Командир бригады приказал офицерской группе вынуть из орудий замки.
221Инженер Ломоносов мобилизуется.
Пошутил профессор Ломоносов жене, что эти петроградские безпорядки совсем не ко времени начались: во-первых, нарушили ему лечение зубов (к зубному врачу на Пушкинскую в назначенный час не стало возможно проехать); а во-вторых, хотя царский режим и давно пора кончать, это затянувшееся общее бедствие, но, пожалуй, во время войны не самый лучший момент.
А зубы у него оказались запущены потому, что в Петроград он только что вернулся с Румынского фронта, где несколько месяцев пытался восставить и наладить железные дороги. С осени главная переброска войск и поставки снаряжения потекли в Румынию, но именно в этом направлении у нас были самые хилые дороги, ни по какой доктрине не намечалось там воевать. И состояние путей было развались (а у румын ещё хуже), а хуже всего с паровозами, – и Ломоносов как один из ведущих паровозников, притом железнодорожный генерал, и был послан.
Молодым человеком, вскоре после окончания института, почти одновременно, он начал опыты с паровозами, принесшие ему две дюжины книг и славу. Но и везде, где служил, не отказывал он в содействии революционно подмоченным, что естественно для всякого честного образованного человека в России.

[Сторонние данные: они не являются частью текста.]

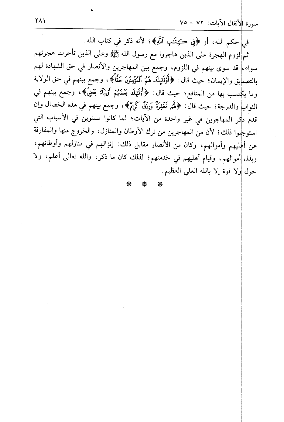 ثم لزوم الهجرة على الذين هاجروا مع رسول اللَّه - صَلَّى اللَّهُ عَلَيهِ وَسَلَّمَ - وعلى الذين تأخرت هجرتهم سواء، قد سوى بينهم في اللزوم، وجمع بين المهاجرين والأنصار في حق الشهادة لهم بالتصديق والإيمان؛ حيث قال: (أُولَئِكَ هُمُ الْمُؤنِوُنَ حَقأ)، وجمع بينهم في حق الولاية وما يكتسب بها من المنافع؛ حيث قال: (أُولَئِكَ هُمُ الْمُؤْمِنُونَ حَقًّا)، وجمع بينهم في الثواب والدرجة؛ حيث قال: (لَهُمْ مَغْفِرَةٌ وَرِزْقٌ كَرِيمٌ)، وجمع بينهم في هذه الخصال وإن قدم ذكر المهاجرين في غير واحدة من الآيات؛ لما كانوا مستوين في الأسباب التي استوجبوا ذلك؛ لأن من المهاجرين من ترك الأوطان والمنازل، والخروج منها والمفارقة عن أهليهم وأموالهم، وكان من الأنصار مقابل ذلك: إنزالهم في منازلهم وأوطانهم، وبذل أموالهم، وقيام أهليهم في خدمتهم؛ لذلك كان ما ذكر، واللَّه تعالى أعلم، ولا حول ولا قوة إلا باللَّه العلي العظيم.

Иногда и места служб ему приходилось выбирать не только из соображений паровозного дела и личных успехов, но и чтобы подальше от глаз Охранного отделения. Побывал он и начальником тяги самой далёкой и запущенной Ташкентской железной дороги, которую быстро поднял к доходу и расцвету. Но вскоре карьера его взмыла вверх, увлекла в Петербург, и до самых высоких должностей, а поселился он в Царском Селе.
Происшедшее теперь в Петрограде, в общем, можно было ожидать: думские бури последних месяцев приготовляли к крупным событиям. Но сегодня – у Ломоносова были лекции. Однако вряд ли соберутся студенты, а если и соберутся – стоит ли ехать в такой день? действительному статскому советнику можно попасть в затруднительное положение. И Ломоносов по телефону перенёс лекции на завтра, а сегодня и сам вовсе не поехал в город, даже и в контору, остался в покое Царского Села.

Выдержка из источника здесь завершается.